This notebook mounts the drive, builds the manifest CSV, makes sample grids, and saves them.  

Mount Google Drive and set folder paths within Google Drive.

In [None]:
from google.colab import drive
drive.mount('/content/drive', force_remount=True)

# Designate the disk we'll use to store the data and the TFM folder
BASE = "/content" # /content on colab is faster than GDrive.
DRIVE_BASE = "/content/drive/MyDrive/TFM"

REPO_NAME = "CNNs-distracted-driving"

# Put repo in the /content folder, because that is faster retrieval
REPO_ROOT = f"{BASE}/{REPO_NAME}"


Pull the repo (actualized) from Github.

In [None]:
import os

if not os.path.exists(REPO_ROOT):
  # Scenario for first-time clone of the repo into /content (fast retrieval)
  !git clone https://github.com/ClaudiaCPach/CNNs-distracted-driving.git "{REPO_ROOT}"
else:
  # Scenario for after this first-time clone - pulls updated code from the repo in Github
  !git -C "{REPO_ROOT}" fetch --all # Get updates for every branch
  !git -C "{REPO_ROOT}" pull

Install the package and dependencies

In [None]:
# install in editable mode

# make sure the pip we run corresponds to the python version we're using
# -q means quiet mode
# upgrade pip because colab virtual machines can sometimes start w a pip that doesn't
# necessarily correspond to our python version (3.11)

!python -m pip install -q --upgrade pip 
%cd "{REPO_ROOT}" # pip needs to be in the repo to be able to see the package
!pip install -q -e . # pip installs the package in quiet mode
%cd /content # we go back to content to make sure future logs, checkpoints, code, etc doesn't get saved to the repo.

Make data pull faster by copying data from Drive to /content .

In [None]:
from ddriver.config import DATASET_ROOT # use the path declared in config.py  



In [None]:
# check space on /content (fast disk space) 
!df -h /content

# check space on drive
!du -sh "{DATASET_ROOT}" || echo "Couldn't measure Drive size"

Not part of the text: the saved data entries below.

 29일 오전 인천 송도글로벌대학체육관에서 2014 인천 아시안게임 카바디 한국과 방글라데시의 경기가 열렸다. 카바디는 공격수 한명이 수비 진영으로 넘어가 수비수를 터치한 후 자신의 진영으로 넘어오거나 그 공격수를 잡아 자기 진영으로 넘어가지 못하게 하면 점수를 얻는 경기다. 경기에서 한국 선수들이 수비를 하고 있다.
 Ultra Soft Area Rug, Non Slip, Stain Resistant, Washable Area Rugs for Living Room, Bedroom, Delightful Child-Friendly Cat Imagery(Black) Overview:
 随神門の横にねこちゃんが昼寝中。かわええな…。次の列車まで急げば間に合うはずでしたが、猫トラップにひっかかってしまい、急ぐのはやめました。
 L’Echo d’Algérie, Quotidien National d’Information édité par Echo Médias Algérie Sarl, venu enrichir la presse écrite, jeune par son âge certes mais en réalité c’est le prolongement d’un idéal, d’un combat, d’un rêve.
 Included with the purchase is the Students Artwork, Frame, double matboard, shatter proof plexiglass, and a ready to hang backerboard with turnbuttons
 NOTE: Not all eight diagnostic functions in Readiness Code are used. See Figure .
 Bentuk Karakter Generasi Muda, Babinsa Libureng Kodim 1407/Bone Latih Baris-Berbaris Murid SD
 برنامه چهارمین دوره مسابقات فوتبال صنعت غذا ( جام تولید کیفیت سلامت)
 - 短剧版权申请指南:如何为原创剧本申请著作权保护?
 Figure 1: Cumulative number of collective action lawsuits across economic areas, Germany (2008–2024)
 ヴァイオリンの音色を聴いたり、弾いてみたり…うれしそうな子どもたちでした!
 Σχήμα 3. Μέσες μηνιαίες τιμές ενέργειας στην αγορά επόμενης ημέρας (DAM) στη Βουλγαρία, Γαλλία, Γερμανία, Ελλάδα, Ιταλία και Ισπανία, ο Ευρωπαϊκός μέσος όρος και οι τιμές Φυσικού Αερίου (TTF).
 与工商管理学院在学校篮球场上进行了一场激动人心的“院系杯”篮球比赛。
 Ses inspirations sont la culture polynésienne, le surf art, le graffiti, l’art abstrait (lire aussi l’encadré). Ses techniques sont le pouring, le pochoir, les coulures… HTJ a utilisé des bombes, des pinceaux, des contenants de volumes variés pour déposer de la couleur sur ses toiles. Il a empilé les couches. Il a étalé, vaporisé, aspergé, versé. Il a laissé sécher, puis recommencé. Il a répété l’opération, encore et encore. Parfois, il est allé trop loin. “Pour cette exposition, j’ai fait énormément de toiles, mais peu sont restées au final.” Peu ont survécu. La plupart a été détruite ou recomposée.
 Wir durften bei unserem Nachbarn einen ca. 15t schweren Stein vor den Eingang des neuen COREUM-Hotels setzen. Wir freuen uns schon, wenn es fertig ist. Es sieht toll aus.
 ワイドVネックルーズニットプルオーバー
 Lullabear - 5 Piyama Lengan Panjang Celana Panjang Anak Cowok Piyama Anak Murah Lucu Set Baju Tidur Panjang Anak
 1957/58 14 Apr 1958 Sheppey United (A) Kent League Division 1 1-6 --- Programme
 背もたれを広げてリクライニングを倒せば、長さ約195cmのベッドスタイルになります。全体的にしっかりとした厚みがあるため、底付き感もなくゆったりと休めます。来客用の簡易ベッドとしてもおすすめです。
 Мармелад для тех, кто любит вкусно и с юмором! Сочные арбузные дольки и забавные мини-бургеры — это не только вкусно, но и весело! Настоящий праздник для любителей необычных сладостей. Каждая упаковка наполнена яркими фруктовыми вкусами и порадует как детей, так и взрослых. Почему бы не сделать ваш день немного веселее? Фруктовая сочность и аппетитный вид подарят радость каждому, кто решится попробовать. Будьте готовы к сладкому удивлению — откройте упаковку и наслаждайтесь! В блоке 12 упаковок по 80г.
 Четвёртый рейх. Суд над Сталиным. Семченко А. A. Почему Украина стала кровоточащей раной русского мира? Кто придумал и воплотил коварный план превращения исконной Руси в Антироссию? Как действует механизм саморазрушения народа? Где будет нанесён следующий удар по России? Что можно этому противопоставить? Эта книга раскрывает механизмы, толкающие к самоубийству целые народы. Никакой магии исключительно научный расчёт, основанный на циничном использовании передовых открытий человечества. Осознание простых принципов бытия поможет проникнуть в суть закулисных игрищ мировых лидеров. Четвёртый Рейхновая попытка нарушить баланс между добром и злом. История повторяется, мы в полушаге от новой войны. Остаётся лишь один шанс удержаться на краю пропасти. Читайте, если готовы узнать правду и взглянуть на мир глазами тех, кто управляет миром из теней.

# for each session, copy the data to content
FAST_DATA = "/content/data"
os.makedirs(FAST_DATA, exist_ok=True) # create a data folder within /content

'''rsync is a smart, fast copy tool
-a = archive mode (keeps folders, times, permissions)
-h = human-readable speeds/sizes
--info=progress2 = shows a progress bar'''
!rsync -ah --info=progress2 "{DATASET_ROOT}/" "{FAST_DATA}/"